Dua ribu sembilan belas menjadi tahun yang cukup istimewa, karena Indonesia akan menggelar pemilu. Setidaknya, ketika kita berbicara tentang kesuksesan, maka harus ada dua hal yang juga harus berjalan dengan baik, yaitu “proses” dan “hasil” atau “cara” dan “tujuan”.
Pertama tentang proses. Alih-alih menginginkan penyelenggaraan dan hasil yang baik, namun sejauh mata memandang rupa-rupanya banyak hal yang dirasa cukup potensial untuk menghadirkan benturan-benturan, paling tidak hal ini bisa kita lihat dalam wilayah kebijakan dan pada wilayah media sosial (medsos). Salah satu kebijakan penyelenggara pemilu yaitu Komisi Pemilihan Umum (KPU), yang cukup kontroversial di tengah publik adalah kotak suara kardus. Perangkat teknis ini cukup riskan, karena satu suara saja “hilang”, maka itu sangat menentukan Indonesia 5 tahun ke depan, di samping karena Pasangan Calon (paslon) pada Pemilihan Presiden (pilpres) pada bulan April 2019 besok hanya ada 2 (dua). Kepercayaan publik lagi-lagi mengalami “kegrogian”, karena upaya kecurangan potensial terjadi. Peran minimum kita adalah ikut turun tangan mengawalnya, dalam bentuk apapun dan dari sudut manapun.
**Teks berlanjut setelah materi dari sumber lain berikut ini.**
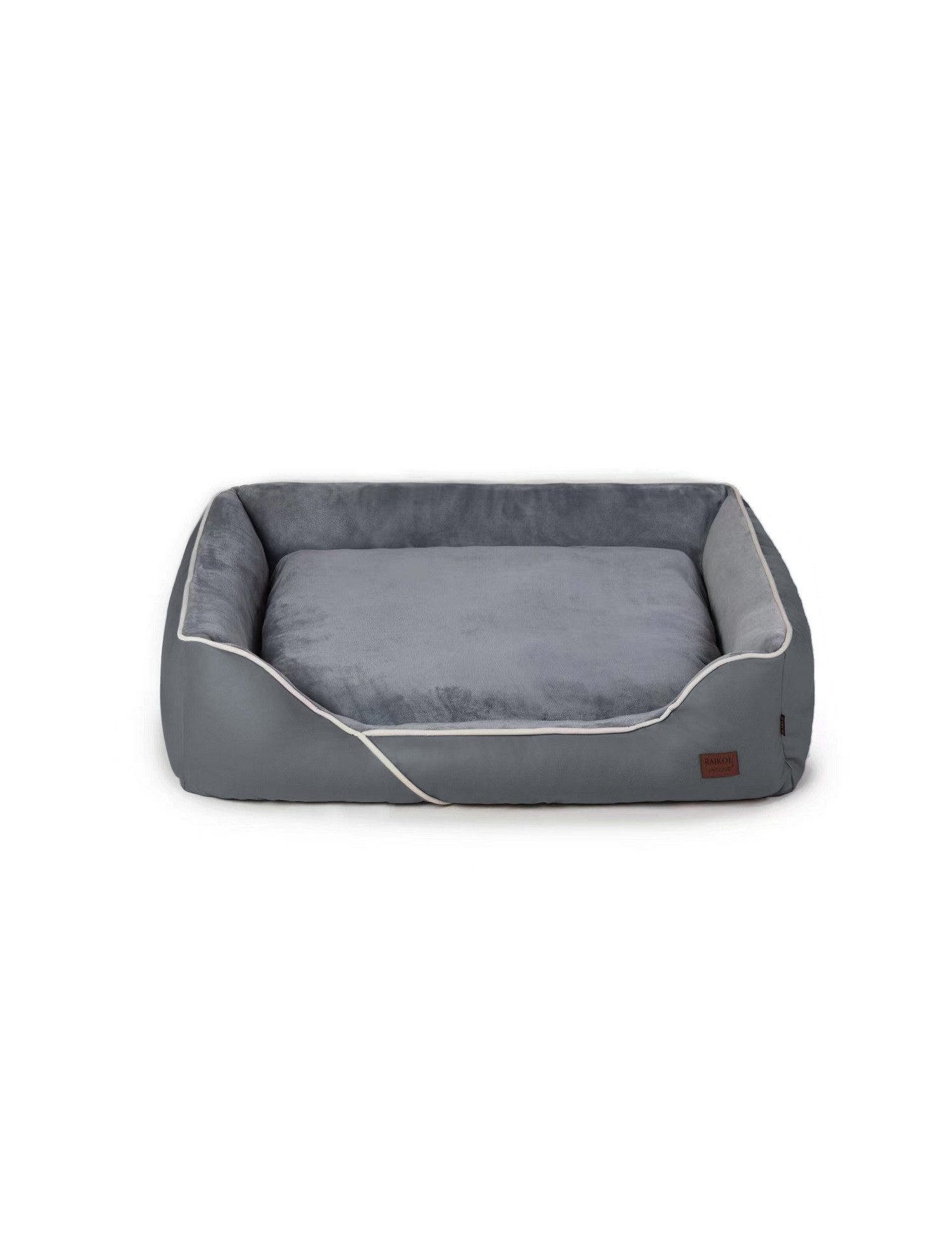 Mehrere Größen und Farben – Das Hundebett ist in drei Größen erhältlich: 80x60 cm, 100x80 cm, 120x90 cm und in sechs Farben: Hellgrau, Dunkelgrau/Hellgrau, Braun/Hellgrau, Blau/Hellgrau, Dunkelgrün/Hellgrau, Schwarz/Hellgrau.
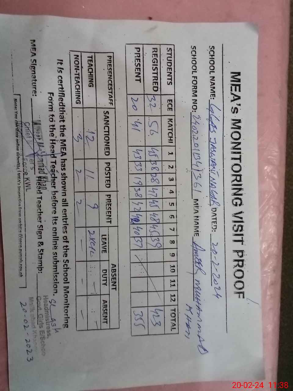| Attendance Register | Head Teacher | MEA with School | Visit Proof |
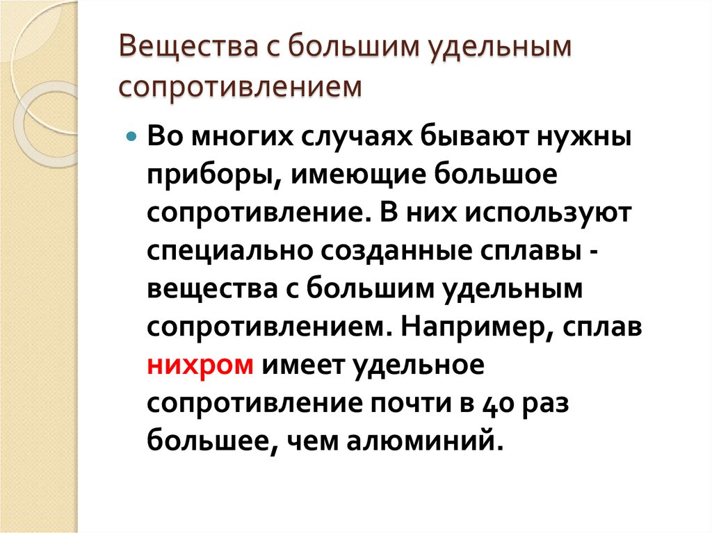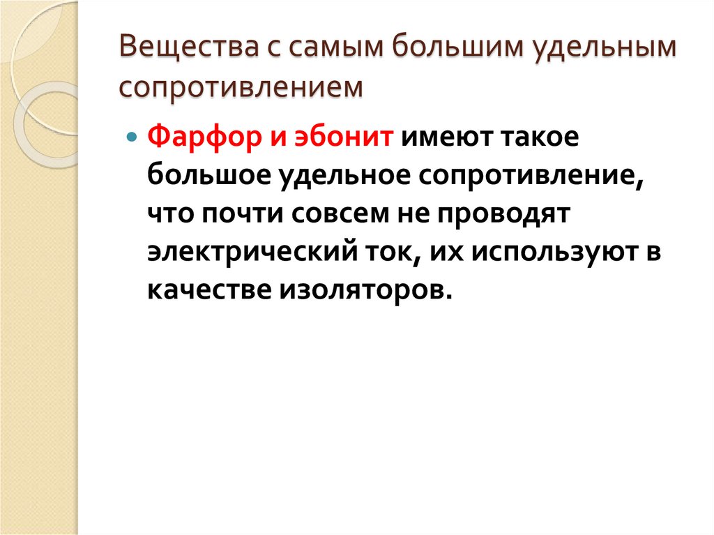 4. Вещества с большим удельным сопротивлением

Kedua, tentang isu yang berkembang di medsos. Wacana yang berkembang di medsos sejauh pengamatan penulis cukup memprihatinkan. Sebab, yang lebih menonjol dibicarakan adalah bukan tentang visi-misi dan program kebijakan. Padahal medsos bisa dibilang cukup representatif untuk melacak isu hangat di publik, ini terlihat ketika media mainstream kerap melakukan penyerapan dari medsos tersebut. Di sinilah perlunya kita semua ikut turun tangan, dalam rangka memberikan soft touch terhadap gadget. Antara produsen dan distributor, salahnya sama saja, jika isu kaleng-kaleng terus diviralkan. Upaya minimum kita adalah mencegah diri kita dari memproduksi hate speech, sekaligus tahan diri kita dari menyebarnya. Sekaligus ikut mewacanakan narasi secara rasional yang berpihak pada rakyat, tentang masalah ekonomi, kesehatan, pendidikan, dan seterusnya.
Kendati problem multidimensi yang terjadi di negeri yang kita cintai ini, kita tidak boleh sekalipun putus asa, tidak boleh sekalipun menyerah, apalagi sampai putus harapan. Sebagai anak bangsa, yang mendapatkan estafet amanah oleh para the founding persons (pendiri bangsa) yang paling tidak tertuang akrab di konstitusi yakni pembukaan UUD ’45 alinea ke-4 (empat), yaitu melindungi segenap tumpah darah, perdamaian dunia, kesejateraan umum, dan mencerdaskan kehidupan. Semoga Allah SWT membimbing kita selalu, minimal untuk bisa hadir ke bilik suara, lalu memilih “Presiden Penggembira”. Siapakah presiden penggembira itu? Dia adalah presiden yang mengerti situasi dan kondisi negeri ini, dia yang tulus berpikir dan berjuang untuk negeri ini, dia yang mencintai rakyatnya. Dan yang paling penting adalah dia yang menjadikan Rasulullah Muhammad SAW, sebagai uswah hasanah (contoh terbaik) dalam setiap napas, dalam setiap detak jantung kebijakan yang akan menghadirkan “masyarakat berkeadilan” di bumi pertiwi Indonesia.